(Stored data)

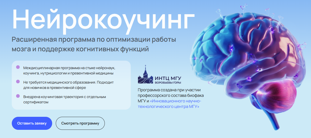 Программа направлена на подготовку специалистов, которые будут помогать людям улучшить процессы восприятия, запоминания и обработки информации с помощью инструментов превентивного управления здоровьем.
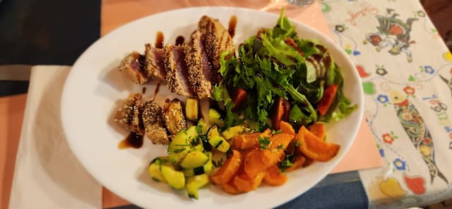 10/10Wonderful local restaurant with outstanding food and service. Every course was beautifully cooked and presented. The portions were really generous and the prices extremely reasonable. The two starters- garlic mushrooms and baked goats cheese were delicious and the two mains- seared tuna and octopus were equally good. The home made chocolate cake we had for dessert was top notch too. A fantastic meal. Highly recommended.
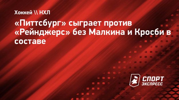 «Питтсбург» сыграет против «Рейнджерс» без Малкина и Кросби в составе
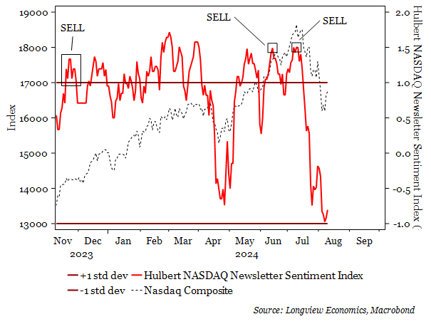 Dopo essere stati molto rialzisti (sui massimi) i redattori di newsletter finanziarie Usa consigliano ora una esposizione ribassista sul Nasdaq, sotto i livelli di aprile (minimo del mercato). Nasdaq 100 vs Hulbert Nasdaq Newsletter Sentiment Index (Average stock exposure recommended by financial newsletters). Now short!
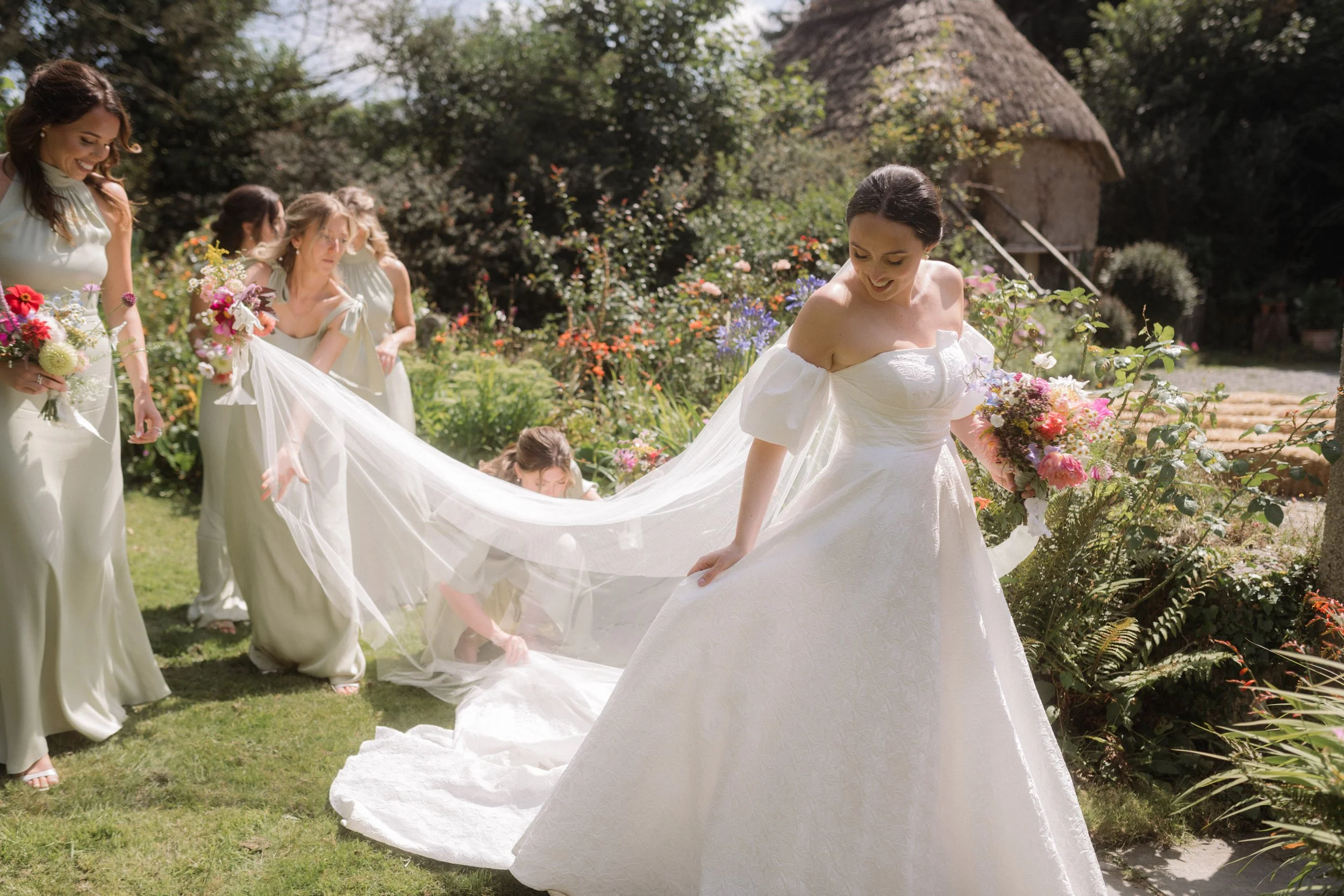 Alice chose a beautiful textured ballgown with puff sleeves that was like a modern Cinderella which blended beautifully with the fairytale landscape of the wedding venue.
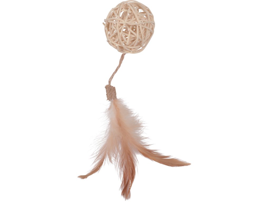Hračka pro kočky, 100% přírodního původu - rákos, jutové spoje, peří a švy z bavlny.

Goal of the exercise> Reproduce each line of the records above, exactly and without pictures.

Solution to the problem>
 Программа направлена на подготовку специалистов, которые будут помогать людям улучшить процессы восприятия, запоминания и обработки информации с помощью инструментов превентивного управления здоровьем.
 10/10Wonderful local restaurant with outstanding food and service. Every course was beautifully cooked and presented. The portions were really generous and the prices extremely reasonable. The two starters- garlic mushrooms and baked goats cheese were delicious and the two mains- seared tuna and octopus were equally good. The home made chocolate cake we had for dessert was top notch too. A fantastic meal. Highly recommended.
 «Питтсбург» сыграет против «Рейнджерс» без Малкина и Кросби в составе
 Dopo essere stati molto rialzisti (sui massimi) i redattori di newsletter finanziarie Usa consigliano ora una esposizione ribassista sul Nasdaq, sotto i livelli di aprile (minimo del mercato). Nasdaq 100 vs Hulbert Nasdaq Newsletter Sentiment Index (Average stock exposure recommended by financial newsletters). Now short!
 Alice chose a beautiful textured ballgown with puff sleeves that was like a modern Cinderella which blended beautifully with the fairytale landscape of the wedding venue.
Hračka pro kočky, 100% přírodního původu - rákos, jutové spoje, peří a švy z bavlny.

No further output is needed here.